DuckDuckGo, the popular search engine for privacy-conscious users, today launched major updates to its browser extension and mobile apps in an effort to grant users data protection no matter where they are on the web.

The browser extension – available for Safari, Chrome, and Firefox – joins the revamped DuckDuckGo app on iOS and Android in providing a set of privacy features that affect your full browsing experience. In addition to the existing private search feature DuckDuckGo is known for, the extension and app now offer built-in tracker network blocking, smarter encryption, and a Privacy Grade rating for sites you visit.

DuckDuckGo’s privacy features work seamlessly in the background for those using the extension or mobile app. Any hidden trackers detected by DuckDuckGo will be blocked, and users will be able to see a full list of exactly what has been blocked. If a site offers an encrypted version but doesn’t automatically send all users to it, DuckDuckGo will perform that routing itself.

The Privacy Grade ratings are an interesting feature designed to give users a quick, easy understanding of each site’s privacy practices. Each site receives its grade based on several factors – whether it offers an encrypted connection, what, if any, tracker networks are detected, including major tracker networks, and whether the site has published privacy practices that DuckDuckGo has vetted.
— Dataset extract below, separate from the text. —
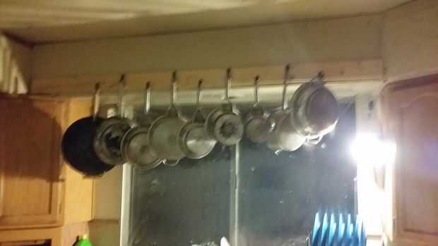 Lo que hace este método único de otros ' Ibles en este tema es la capacidad de maximizar el espacio colgando las ollas y sartenes en un ángulo que permite la superposición sin un look desordenado de ollas empujando contra sí mismo. Esto fue parte de un proyecto para abrir espacio superior gabinete y contador, que se someten a una remodelación.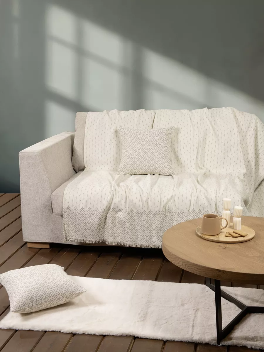 to ριχτάρι roselle ivory έχει ένα όμορφο και διακριτικό σχέδιο σε εκρού χρώμα, που συνδυάζεται εύκολα και δίνει μια αίσθηση ηρεμίας και χαλάρωσης. Έχει minimal γεωμετρικό μοτίβο στο μεγαλύτερο μέρος της επιφάνειάς του, ενώ το τελείωμά του διακοσμεί μια όμορφη φάσα με πυκνό γεωμετρικό μοτίβο. Οι λεπτομέρειες με τα κρόσσια στις άκρες του ριχταριού προσδίδουν μια επιπλέον πινελιά κομψότητας και ανεπιτήδευτης γοητείας. Το ριχτάρι αυτό δεν είναι μόνο πρακτικό για την προστασία των επίπλων σας, αλλά και ένα κομμάτι που θα αναβαθμίσει την αισθητική του χώρου σας. Συνδυάστε το με τα ασορτί διακοσμητικά μαξιλάρια για ένα ολοκληρωμένο και εντυπωσιακό αποτέλεσμα.

Based on all of this information, each site contains a unique privacy grade ranging from A to F. The site will also receive an ‘enhanced grade’ where applicable, meaning the grade for the site after DuckDuckGo has deployed its blocking technology. Sites can only receive a perfect ‘A’ grade if no trackers were detected and the site’s privacy policies have been reviewed by DuckDuckGo.

I’ve been using DuckDuckGo as my primary search engine for nearly a year, and have had a great experience with it. It will be interesting to see what difference, if any, DuckDuckGo’s vetting and grading of sites will make in shaping future privacy practices.